# What is Profit?

There are some common mistakes that small business owners make when it comes to understanding and calculating what profit is. Profit is not sales, it’s not mark up and it’s not your salary. Profit is the net gain between what you earn less your expenses and operating costs.

1.  Sales are Not Profit

Sales are not profit. If you don’t calculate your selling price correctly then there is a very real possibility that you could be operating at very little profit or worse still, operating at a loss.

You should only ever set your selling price after you know what all your costs are. The two types of main costs associated with running a business are fixed costs and variable costs. Fixed costs are known as overheads. These include things like rent, loans, vehicles, phone and internet, electricity etc. Regardless of what you sell, these costs must be paid monthly, quarterly or annually and you need to factor in these outgoings when setting your price.

Variable costs are the costs associated with raw materials or stock as well as the direct labour costs of producing your goods or supplying your services. These costs also need to be factored in when setting your price, although they will go up and come down.

Once you know your costs, you can set your selling price to ensure you are profitable. Setting your pricing and knowing your costs is certainly not a “set and forget”. It is something that you need to be reviewing on a regular basis to ensure that you remain competitive and profitable.

2.  Mark Up is Not Profit Margin

A company’s profit margin is the percentage of revenue left after every expense has been deducted. It is calculated as follows:

• total price – total expenses / total price x 100 = % profit margin

A common mistake that many business owners make is that they pick a percentage of what profit they think they would like to make.

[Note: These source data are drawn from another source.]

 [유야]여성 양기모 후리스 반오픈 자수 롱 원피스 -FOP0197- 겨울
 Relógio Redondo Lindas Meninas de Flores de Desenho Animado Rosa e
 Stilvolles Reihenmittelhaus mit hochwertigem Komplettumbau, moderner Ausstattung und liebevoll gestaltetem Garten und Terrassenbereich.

Quite often this percentage is simply added to the cost price of the product or service.

Let’s say you want a profit margin of 20%. So, if the item costs you \$100, it’s not just a matter of adding 20% to your cost price to give you a selling price of \$120.

By using the correct formula to calculate profit, these figures show that you would only be making a profit of 16.67%.

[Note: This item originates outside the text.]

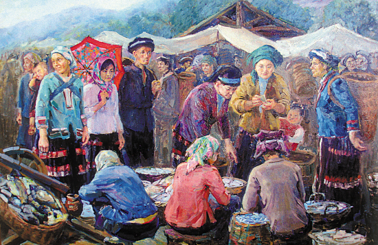 张碧云 集市 布面油画

• \$120 – \$100 / \$120 x 100 = 16.67%

This is really your mark up. Each and every time you sell your product or service for \$120, you are actually giving away 3.33% in expected profit.

The method of picking any old percentage is actually quite dangerous because you are giving away valuable profit. When setting your profit margin, you must decide on the minimum profit you need to sustain your business. By working backwards you can then set your selling price based on the number of products or services you need to sell to give you your desired profit margin.

3.  Profit is Not Salary

Profit is definitely not your salary and nor should it be treated as your salary. Your salary should be included as a business cost so that any surplus left over is actually profit.

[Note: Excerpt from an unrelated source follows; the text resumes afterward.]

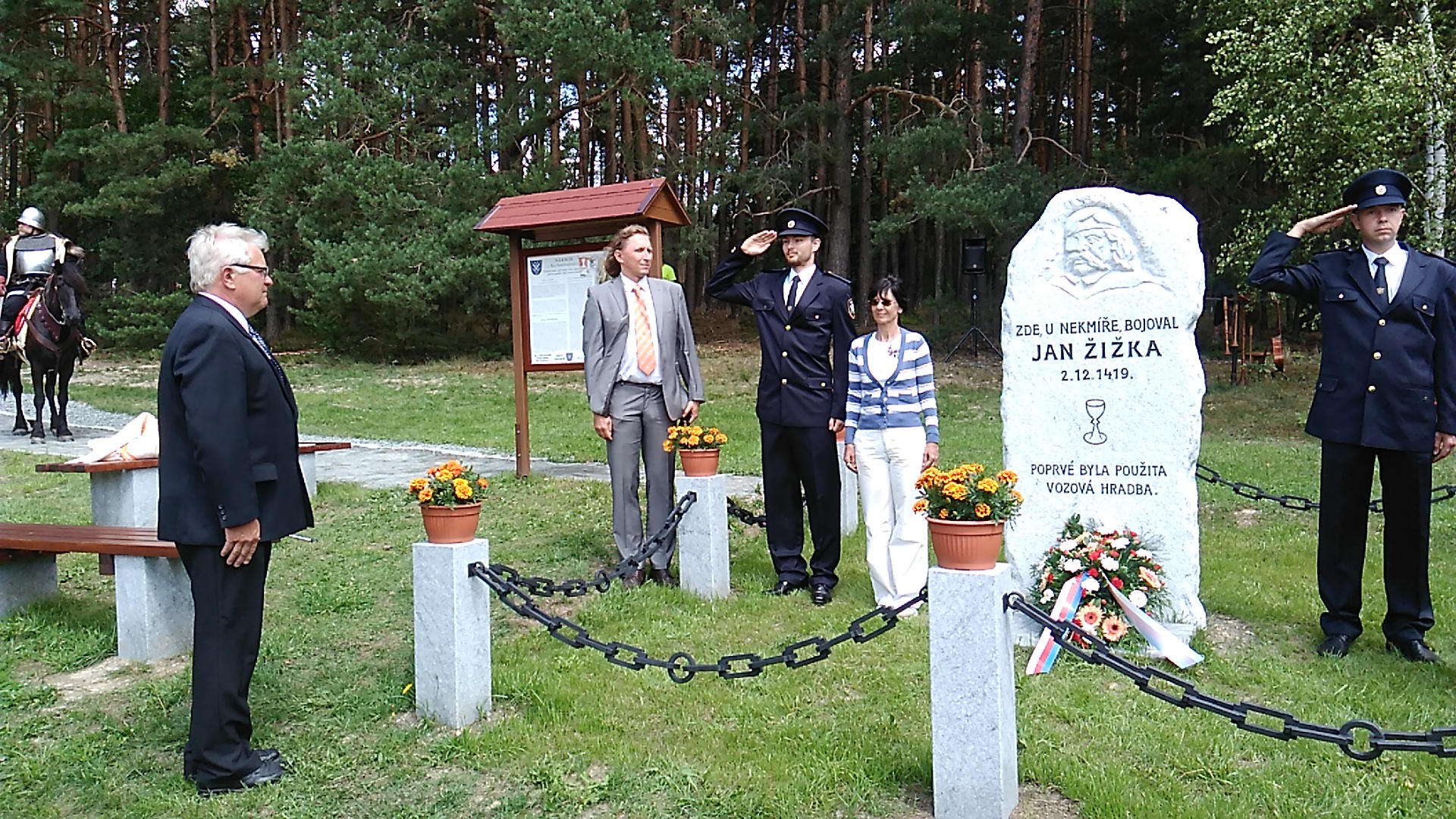 v Nekmíři, hezkém kousku české země odhalovali památník bitvy. Měli to moc pěkně připravené, už v obci byly cedulky ''Památník Žižka'' s šipkou, které nás dovedly až na parkoviště pro tuto příležitost připravenému dole na louce u lesa Na Smrtelnici.

The purpose of profit is to sustain your business and to help grow it. In the first few years you may not make much profit or perhaps you may not break even. This means that you may not be able to draw much money from your business.

As time goes on and you become more profitable you can set yourself a salary of equal, or better still greater, than what you could earn if you were an employee elsewhere.

Profit is what enables you to stay in business. It is also what allows you to grow your business, develop new products and purchase the latest equipment and technology.